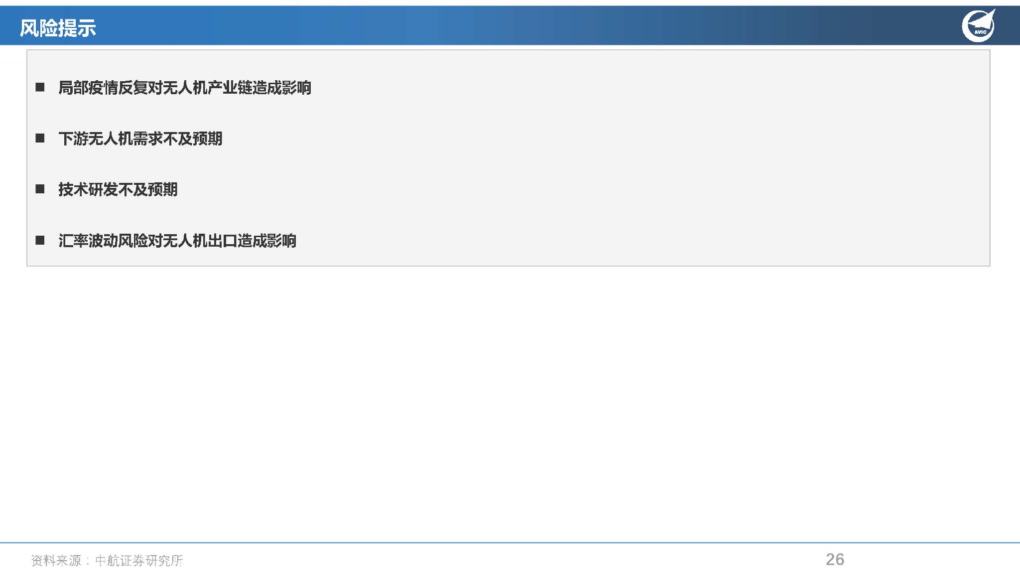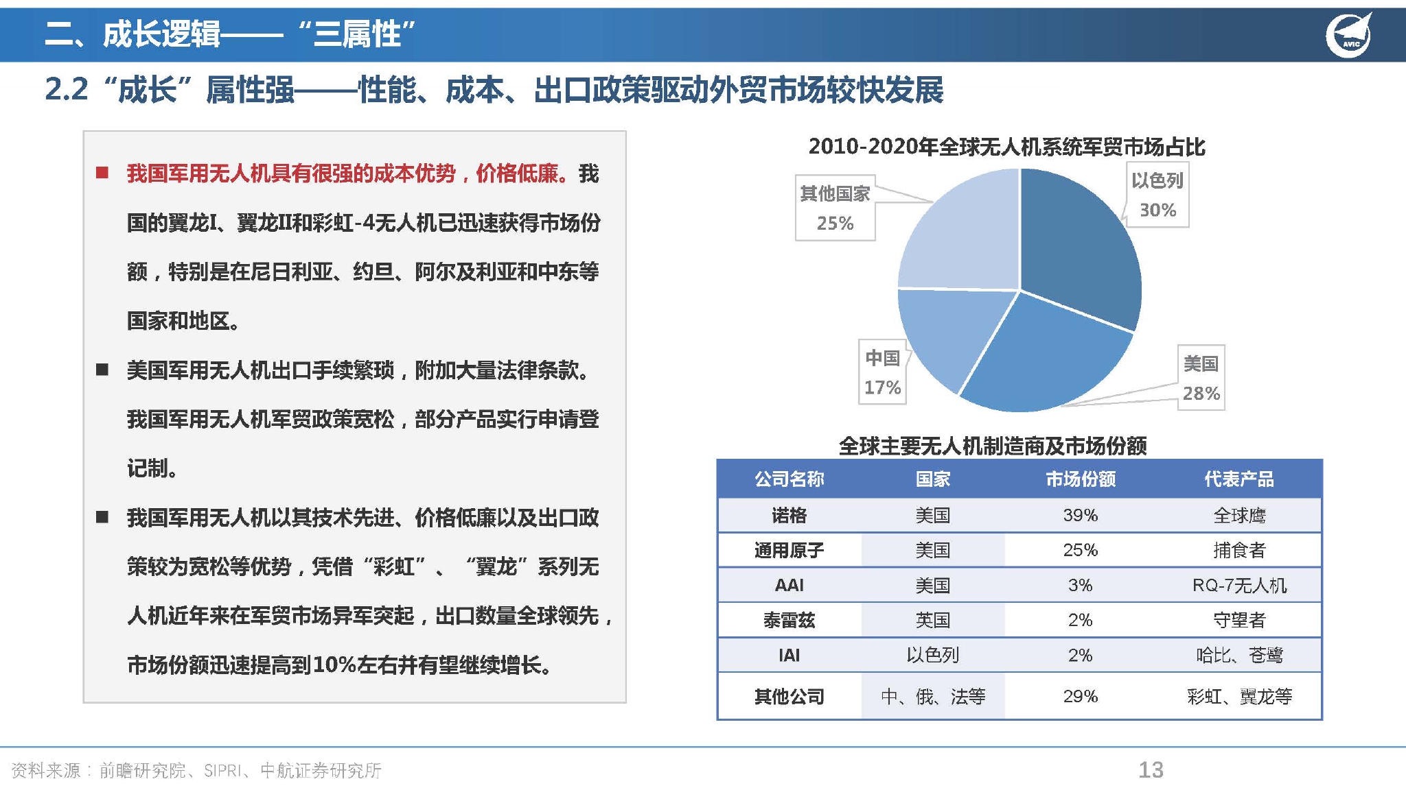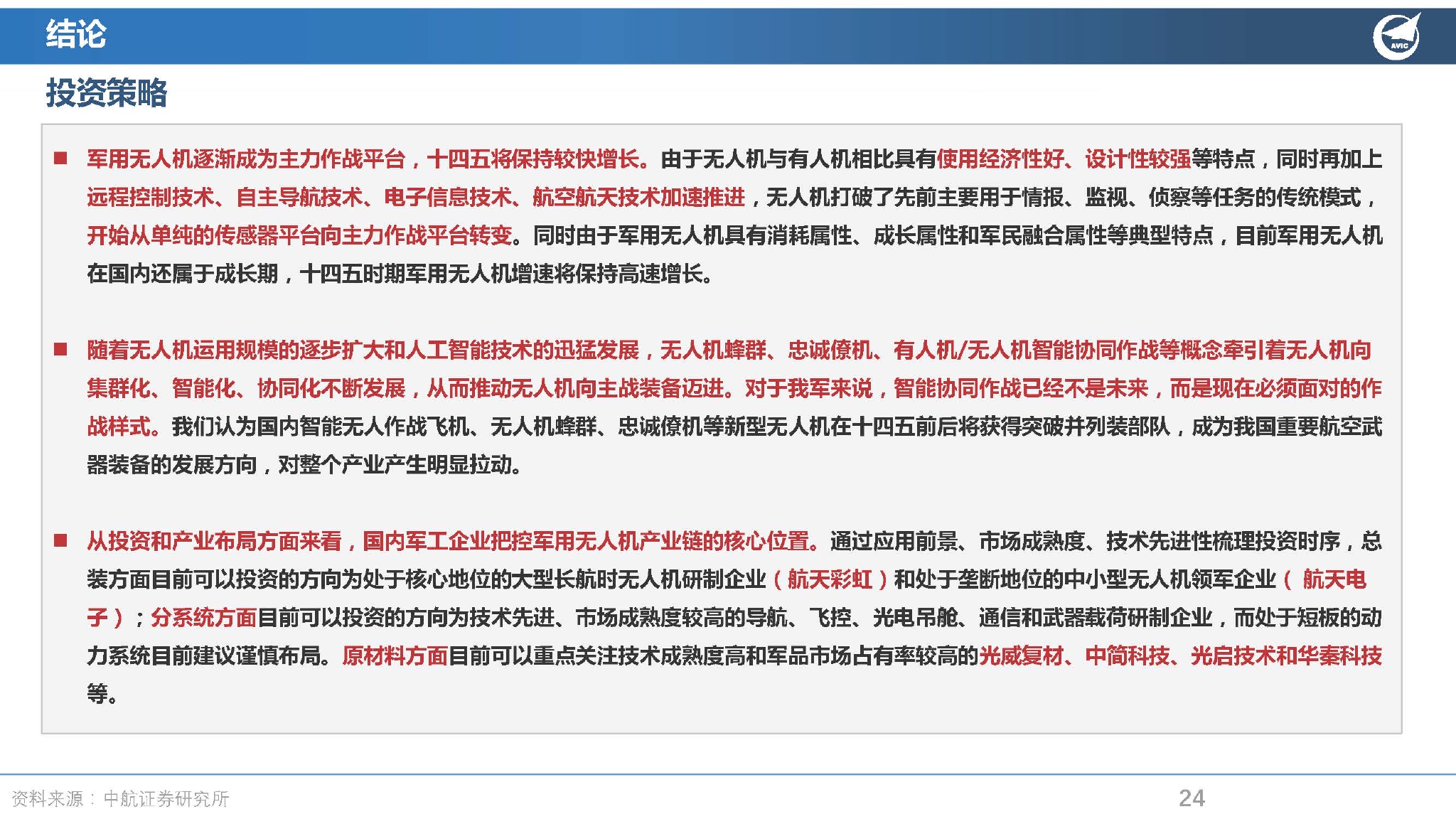 其中,“翼龙”系列生产商中航(成都)无人机公司、“彩虹”系列生产商航天彩虹、“长鹰” 系列生产商北航天宇长鹰主要生产中大型长航时无人机。航天电子、南京模拟技术研究所、航 天科工302所、西工大爱生集团以及威海广泰等,其无人机生产规模大、技术先进,是国内中 小型军用无人机的领军企业。
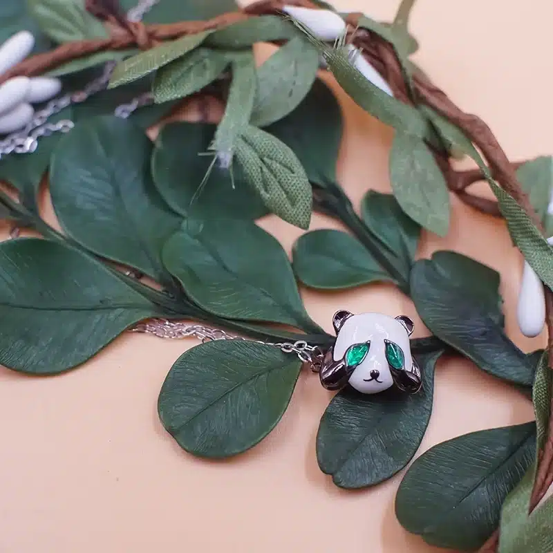 Be the first to review “Cute Panda Pendant Necklace for Women Solid 925 Sterling Silver Black Rhodium White Green Enamel Zircon for Anniversary Gift”
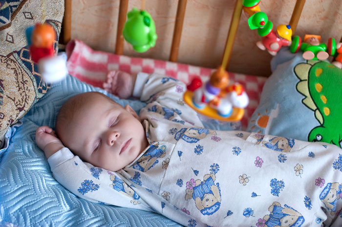 - no início ensinar uma criança a dormir no berço;
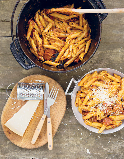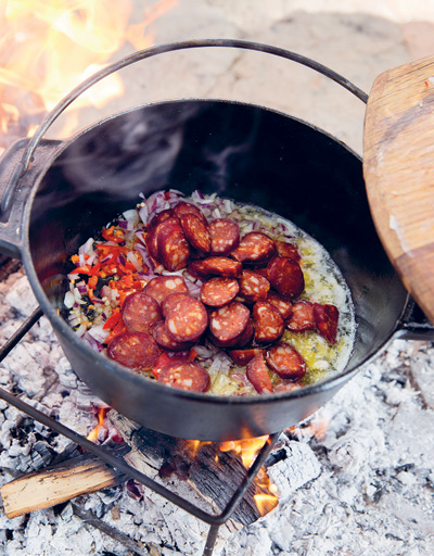 Hierdie resep kom van Dan. Sy vrou, Lindi, reken dis die beste maaltyd wat hy op die vuur maak. Dan en Lindi is gesoute reisigers en hy hou daarvan om hierdie ete in hul staatmaker-potjie aanmekaar te slaan wanneer hulle iewers heen op pad is. Die bestanddele is redelik eenvoudig en hierdie maaltyd sal beslis lekker werk as jy kamp of op die stoep van jou hut sit met ’n uitsig oor ’n pragtige stuk Suid-Afrikaanse landskap. Chorizo is ’n gekruide Italiaanse salami-worsie en deesdae wyd verkrygbaar in Suid-Afrika. As jy dit nie in die hande kan kry nie, vervang dit maar net met enige salami wat beskikbaar is.
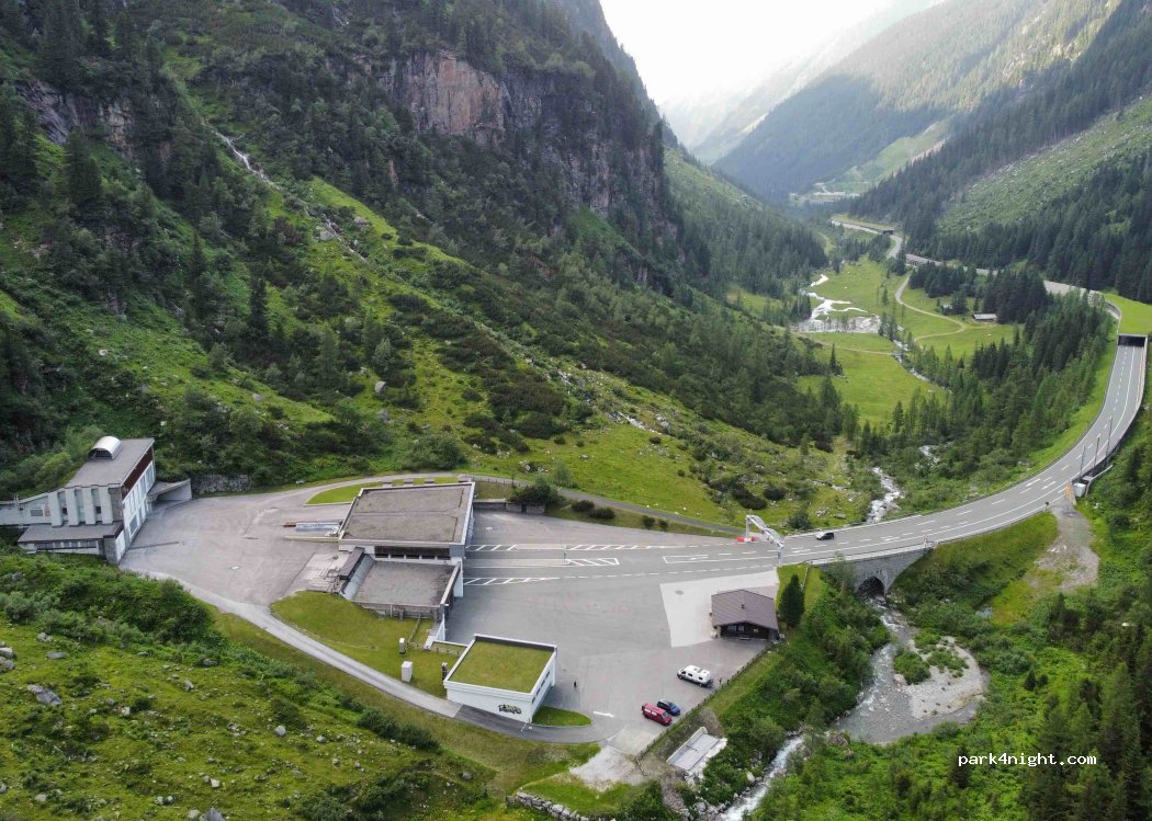 Großer, asphaltierter, ebener Parkplatz vor der Einfahrt zum Felbertauerntunnel. Öffentliche Toiletten sind vorhanden. Parken über Nacht problemlos und kostenlos möglich.
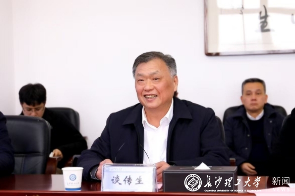 谈传生对刘玮一行的到来表示热烈欢迎。他简要介绍了学校的办学历史、特色学科、科研成果等情况。他希望双方聚焦国家战略和产业发展,加强校企合作,构建融合多学科的研究平台,共同探索人才培养新模式,实现合作共赢。
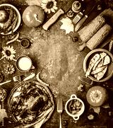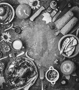 Thanksgiving dinner background with roasted turkey , sauce , pumpkin and dishes of autumn vegetables on rustic background, top view, frame
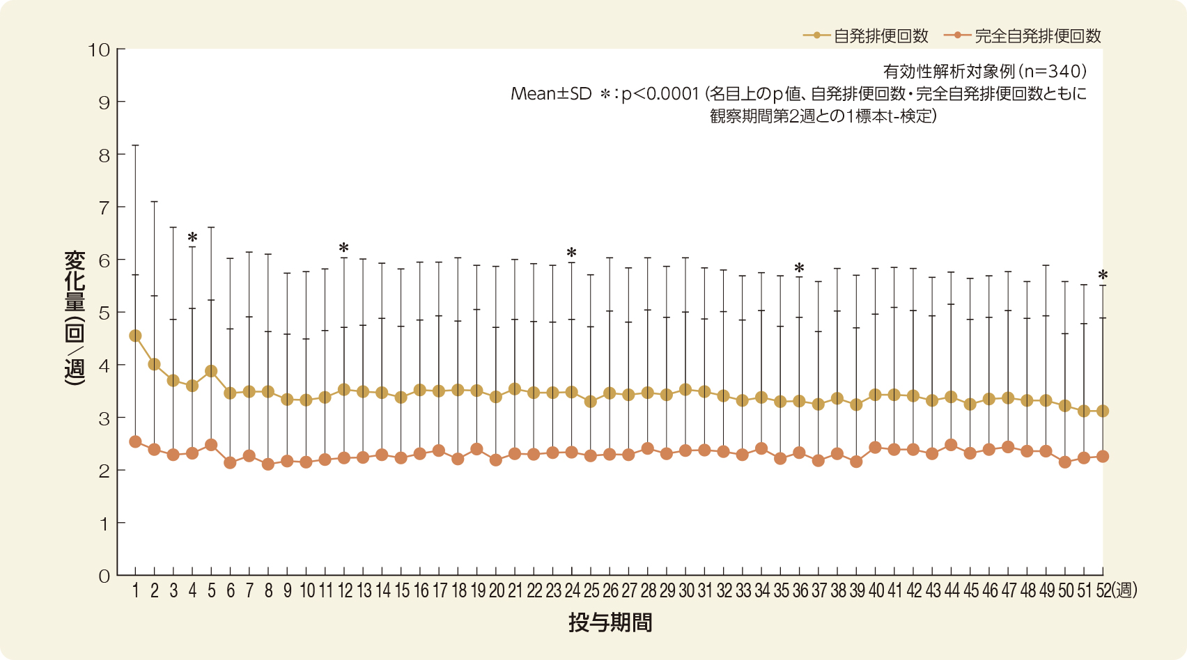 自発排便回数、完全自発排便回数について、観察期間第2週と投与期間第4週、第12週、第24週、第36週及び第52週の時点における変化量について比較検定を行った。いずれの時点においても観察期間第2週と比較して有意な増加が認められた(いずれもp<0.0001、名目上のp値、1標本t-検定)。
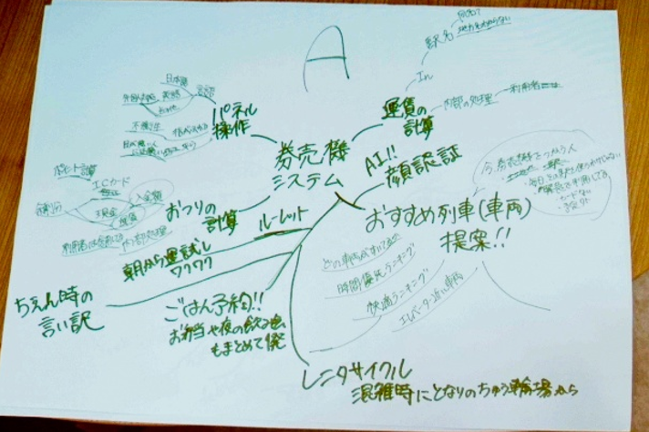 続いて、高木氏がシステム開発の工程を紹介し、各工程でエンジニアに求められる思考について解説。その後、「駅の券売機に求められる機能」をテーマに、マインドマップを用いたアイデア整理を実施。グループ発表では、既存機能の改善提案に加え、次のような新しいアイデアが出されました。
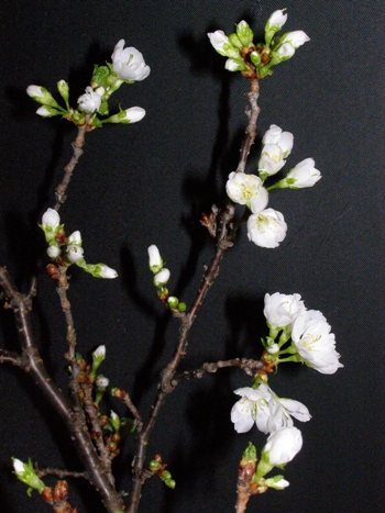 立春の日に枝を花瓶に挿しておいたチシマザクラが開花しました。15日ほどでかいかとなりましたが、5月に庭で咲く花より白い花です。(2010.5.16当ブログ参照) 日中は22度前後、夜は14度前後に温度を確保した結果です。一足早い春を楽しみます。
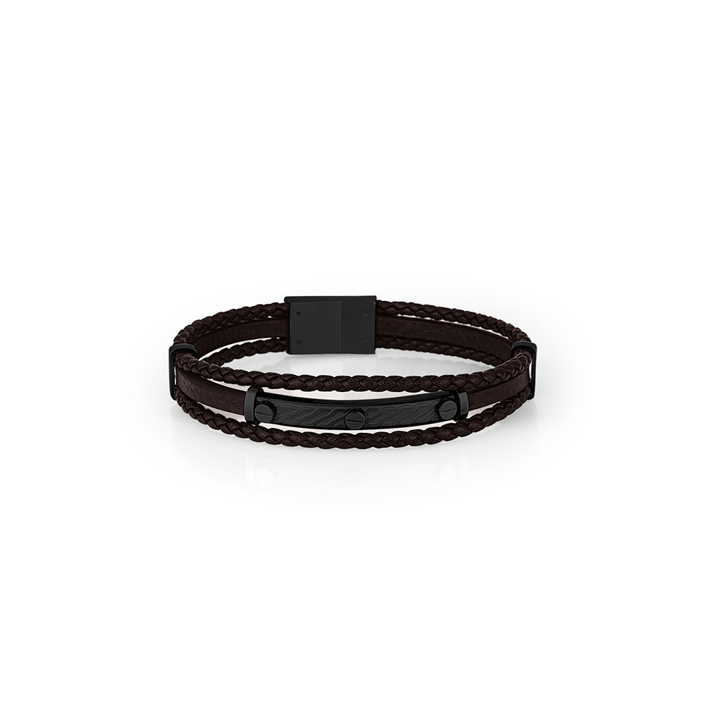 Bratara este compusa din mai multe benzi din piele cafenie impletita, completate de detalii metalice in nuanta negru mat, oferindu-i un aspect rafinat si contemporan. Sistemul de inchidere magnetic asigura o fixare sigura si confortabila, permitandu-ti sa o porti intreaga zi fara griji.

PROBLEM TO WORK ON :: Look back over the records above. Reproduce exactly everything from the line with "続いて、高木氏がシステム開発" down to the line with "立春の日に枝を花瓶に挿してお", inclusive, and leave the pictures out.

TASK SOLUTION ::
 続いて、高木氏がシステム開発の工程を紹介し、各工程でエンジニアに求められる思考について解説。その後、「駅の券売機に求められる機能」をテーマに、マインドマップを用いたアイデア整理を実施。グループ発表では、既存機能の改善提案に加え、次のような新しいアイデアが出されました。
 立春の日に枝を花瓶に挿しておいたチシマザクラが開花しました。15日ほどでかいかとなりましたが、5月に庭で咲く花より白い花です。(2010.5.16当ブログ参照) 日中は22度前後、夜は14度前後に温度を確保した結果です。一足早い春を楽しみます。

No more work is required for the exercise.